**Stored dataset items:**
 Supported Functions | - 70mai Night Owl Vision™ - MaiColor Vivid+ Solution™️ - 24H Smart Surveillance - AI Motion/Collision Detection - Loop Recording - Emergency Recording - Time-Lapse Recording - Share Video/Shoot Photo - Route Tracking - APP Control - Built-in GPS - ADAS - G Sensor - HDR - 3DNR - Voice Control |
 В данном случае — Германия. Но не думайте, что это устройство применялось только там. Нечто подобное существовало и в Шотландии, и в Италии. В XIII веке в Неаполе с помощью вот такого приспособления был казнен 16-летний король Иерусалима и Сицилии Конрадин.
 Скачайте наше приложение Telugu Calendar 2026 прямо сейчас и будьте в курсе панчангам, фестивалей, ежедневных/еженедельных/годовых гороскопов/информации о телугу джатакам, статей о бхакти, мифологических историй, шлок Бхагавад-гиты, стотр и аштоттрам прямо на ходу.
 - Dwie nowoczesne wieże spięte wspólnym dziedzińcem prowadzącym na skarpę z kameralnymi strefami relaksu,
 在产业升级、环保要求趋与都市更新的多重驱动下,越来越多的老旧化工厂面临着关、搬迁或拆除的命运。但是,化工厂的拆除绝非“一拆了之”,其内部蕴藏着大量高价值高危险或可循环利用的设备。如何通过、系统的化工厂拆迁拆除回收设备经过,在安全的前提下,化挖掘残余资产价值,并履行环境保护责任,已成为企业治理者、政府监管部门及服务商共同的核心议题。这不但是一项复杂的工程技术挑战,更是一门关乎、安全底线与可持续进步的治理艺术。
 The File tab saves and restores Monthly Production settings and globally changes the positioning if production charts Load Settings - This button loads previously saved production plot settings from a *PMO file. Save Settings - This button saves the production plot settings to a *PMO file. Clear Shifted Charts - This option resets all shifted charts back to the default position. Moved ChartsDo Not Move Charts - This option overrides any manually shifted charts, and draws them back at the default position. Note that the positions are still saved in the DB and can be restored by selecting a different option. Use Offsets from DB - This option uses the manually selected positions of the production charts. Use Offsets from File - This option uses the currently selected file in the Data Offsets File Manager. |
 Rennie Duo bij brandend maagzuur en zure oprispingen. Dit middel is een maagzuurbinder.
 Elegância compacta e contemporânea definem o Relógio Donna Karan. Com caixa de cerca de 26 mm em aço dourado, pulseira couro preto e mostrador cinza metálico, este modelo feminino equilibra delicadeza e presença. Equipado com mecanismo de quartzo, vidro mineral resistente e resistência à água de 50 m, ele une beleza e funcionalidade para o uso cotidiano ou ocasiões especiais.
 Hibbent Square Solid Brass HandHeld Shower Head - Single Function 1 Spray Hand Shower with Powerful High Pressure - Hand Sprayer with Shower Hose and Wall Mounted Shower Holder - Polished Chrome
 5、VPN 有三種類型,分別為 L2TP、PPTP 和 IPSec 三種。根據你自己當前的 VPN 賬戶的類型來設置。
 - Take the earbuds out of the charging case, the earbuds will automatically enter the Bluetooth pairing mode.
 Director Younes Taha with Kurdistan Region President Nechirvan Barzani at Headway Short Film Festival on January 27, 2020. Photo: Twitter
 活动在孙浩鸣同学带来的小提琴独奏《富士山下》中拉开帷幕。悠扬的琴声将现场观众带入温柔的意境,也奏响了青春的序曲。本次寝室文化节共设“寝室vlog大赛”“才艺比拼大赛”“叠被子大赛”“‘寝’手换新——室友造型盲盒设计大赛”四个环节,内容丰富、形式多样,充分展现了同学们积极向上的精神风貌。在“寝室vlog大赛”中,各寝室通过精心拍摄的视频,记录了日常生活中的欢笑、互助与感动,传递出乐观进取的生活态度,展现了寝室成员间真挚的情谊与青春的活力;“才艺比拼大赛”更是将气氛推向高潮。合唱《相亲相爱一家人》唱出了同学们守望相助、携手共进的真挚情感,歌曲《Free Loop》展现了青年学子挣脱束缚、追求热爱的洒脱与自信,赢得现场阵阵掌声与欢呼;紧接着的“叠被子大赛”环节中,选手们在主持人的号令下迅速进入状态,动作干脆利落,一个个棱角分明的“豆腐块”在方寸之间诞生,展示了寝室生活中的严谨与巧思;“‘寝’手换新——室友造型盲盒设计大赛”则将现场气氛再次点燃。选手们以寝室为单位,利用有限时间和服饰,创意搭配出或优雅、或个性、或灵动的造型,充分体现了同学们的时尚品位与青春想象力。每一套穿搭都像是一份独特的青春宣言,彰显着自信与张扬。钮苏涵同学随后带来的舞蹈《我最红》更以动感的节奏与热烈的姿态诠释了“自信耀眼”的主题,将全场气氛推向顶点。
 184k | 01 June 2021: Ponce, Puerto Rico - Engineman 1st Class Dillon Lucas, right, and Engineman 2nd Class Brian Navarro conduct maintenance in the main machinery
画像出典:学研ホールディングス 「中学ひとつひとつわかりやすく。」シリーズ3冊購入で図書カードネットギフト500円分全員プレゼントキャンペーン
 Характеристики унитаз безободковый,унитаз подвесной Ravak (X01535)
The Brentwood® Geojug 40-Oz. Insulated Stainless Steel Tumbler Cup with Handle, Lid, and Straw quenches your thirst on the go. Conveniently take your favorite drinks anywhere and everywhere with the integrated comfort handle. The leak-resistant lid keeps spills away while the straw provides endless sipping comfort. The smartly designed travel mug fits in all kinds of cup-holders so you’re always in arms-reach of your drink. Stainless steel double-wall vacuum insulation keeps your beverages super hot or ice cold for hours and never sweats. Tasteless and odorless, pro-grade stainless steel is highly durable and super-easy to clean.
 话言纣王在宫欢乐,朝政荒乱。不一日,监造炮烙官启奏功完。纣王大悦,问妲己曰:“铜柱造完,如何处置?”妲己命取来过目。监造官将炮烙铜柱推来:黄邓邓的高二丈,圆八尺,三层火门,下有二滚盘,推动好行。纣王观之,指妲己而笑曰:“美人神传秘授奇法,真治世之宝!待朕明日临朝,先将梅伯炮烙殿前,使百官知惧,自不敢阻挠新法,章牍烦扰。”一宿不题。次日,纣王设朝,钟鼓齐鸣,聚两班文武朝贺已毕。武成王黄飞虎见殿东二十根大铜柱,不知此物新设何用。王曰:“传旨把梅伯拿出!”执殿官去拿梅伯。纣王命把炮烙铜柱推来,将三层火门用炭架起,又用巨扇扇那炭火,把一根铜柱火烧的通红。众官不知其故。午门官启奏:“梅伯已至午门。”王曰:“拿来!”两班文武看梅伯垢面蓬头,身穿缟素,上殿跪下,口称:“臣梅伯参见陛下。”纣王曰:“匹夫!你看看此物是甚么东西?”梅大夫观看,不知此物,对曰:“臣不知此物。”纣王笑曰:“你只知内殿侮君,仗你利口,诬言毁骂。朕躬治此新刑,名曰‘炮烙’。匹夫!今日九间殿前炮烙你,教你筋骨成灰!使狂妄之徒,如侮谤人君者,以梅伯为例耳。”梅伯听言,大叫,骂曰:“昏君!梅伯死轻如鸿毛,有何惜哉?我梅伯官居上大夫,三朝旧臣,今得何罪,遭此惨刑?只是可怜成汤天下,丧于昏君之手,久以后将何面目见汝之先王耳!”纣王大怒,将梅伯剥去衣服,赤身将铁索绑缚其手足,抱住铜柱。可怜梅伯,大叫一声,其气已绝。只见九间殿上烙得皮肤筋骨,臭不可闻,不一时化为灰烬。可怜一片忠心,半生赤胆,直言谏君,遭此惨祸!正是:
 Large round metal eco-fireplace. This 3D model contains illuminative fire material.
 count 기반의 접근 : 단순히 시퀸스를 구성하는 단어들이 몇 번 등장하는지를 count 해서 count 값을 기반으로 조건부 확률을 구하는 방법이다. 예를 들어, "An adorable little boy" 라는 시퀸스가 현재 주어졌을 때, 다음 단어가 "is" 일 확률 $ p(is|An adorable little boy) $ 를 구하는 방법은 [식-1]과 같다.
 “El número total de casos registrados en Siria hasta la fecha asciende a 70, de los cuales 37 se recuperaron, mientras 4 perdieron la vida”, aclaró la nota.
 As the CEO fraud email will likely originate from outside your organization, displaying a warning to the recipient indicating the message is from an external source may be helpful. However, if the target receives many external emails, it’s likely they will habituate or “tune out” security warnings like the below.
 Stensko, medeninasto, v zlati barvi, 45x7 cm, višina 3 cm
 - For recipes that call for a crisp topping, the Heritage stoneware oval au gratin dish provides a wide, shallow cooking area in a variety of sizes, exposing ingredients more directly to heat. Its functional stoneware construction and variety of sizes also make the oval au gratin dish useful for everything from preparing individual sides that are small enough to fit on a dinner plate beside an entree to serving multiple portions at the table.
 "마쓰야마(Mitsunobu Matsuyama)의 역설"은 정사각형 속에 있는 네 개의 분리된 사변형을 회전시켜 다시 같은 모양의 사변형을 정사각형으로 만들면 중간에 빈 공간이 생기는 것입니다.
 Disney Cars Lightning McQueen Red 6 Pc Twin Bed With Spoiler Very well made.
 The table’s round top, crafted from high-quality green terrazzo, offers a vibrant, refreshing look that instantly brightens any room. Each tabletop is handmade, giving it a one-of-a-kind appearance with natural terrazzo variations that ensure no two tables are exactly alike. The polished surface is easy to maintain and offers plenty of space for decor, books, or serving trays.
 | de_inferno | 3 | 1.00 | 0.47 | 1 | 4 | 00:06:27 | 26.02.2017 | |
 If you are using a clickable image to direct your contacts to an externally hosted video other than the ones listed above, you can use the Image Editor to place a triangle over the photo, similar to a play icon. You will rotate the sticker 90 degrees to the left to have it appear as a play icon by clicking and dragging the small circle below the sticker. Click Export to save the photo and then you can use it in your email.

**What you have to do:**
Please reproduce the lines from the line with "В данном случае" to the line with "在产业升级、环保要求趋与都市", both ends included, exactly as they appear above.

**Answer to the exercise:**
 В данном случае — Германия. Но не думайте, что это устройство применялось только там. Нечто подобное существовало и в Шотландии, и в Италии. В XIII веке в Неаполе с помощью вот такого приспособления был казнен 16-летний король Иерусалима и Сицилии Конрадин.
 Скачайте наше приложение Telugu Calendar 2026 прямо сейчас и будьте в курсе панчангам, фестивалей, ежедневных/еженедельных/годовых гороскопов/информации о телугу джатакам, статей о бхакти, мифологических историй, шлок Бхагавад-гиты, стотр и аштоттрам прямо на ходу.
 - Dwie nowoczesne wieże spięte wspólnym dziedzińcem prowadzącym na skarpę z kameralnymi strefami relaksu,
 在产业升级、环保要求趋与都市更新的多重驱动下,越来越多的老旧化工厂面临着关、搬迁或拆除的命运。但是,化工厂的拆除绝非“一拆了之”,其内部蕴藏着大量高价值高危险或可循环利用的设备。如何通过、系统的化工厂拆迁拆除回收设备经过,在安全的前提下,化挖掘残余资产价值,并履行环境保护责任,已成为企业治理者、政府监管部门及服务商共同的核心议题。这不但是一项复杂的工程技术挑战,更是一门关乎、安全底线与可持续进步的治理艺术。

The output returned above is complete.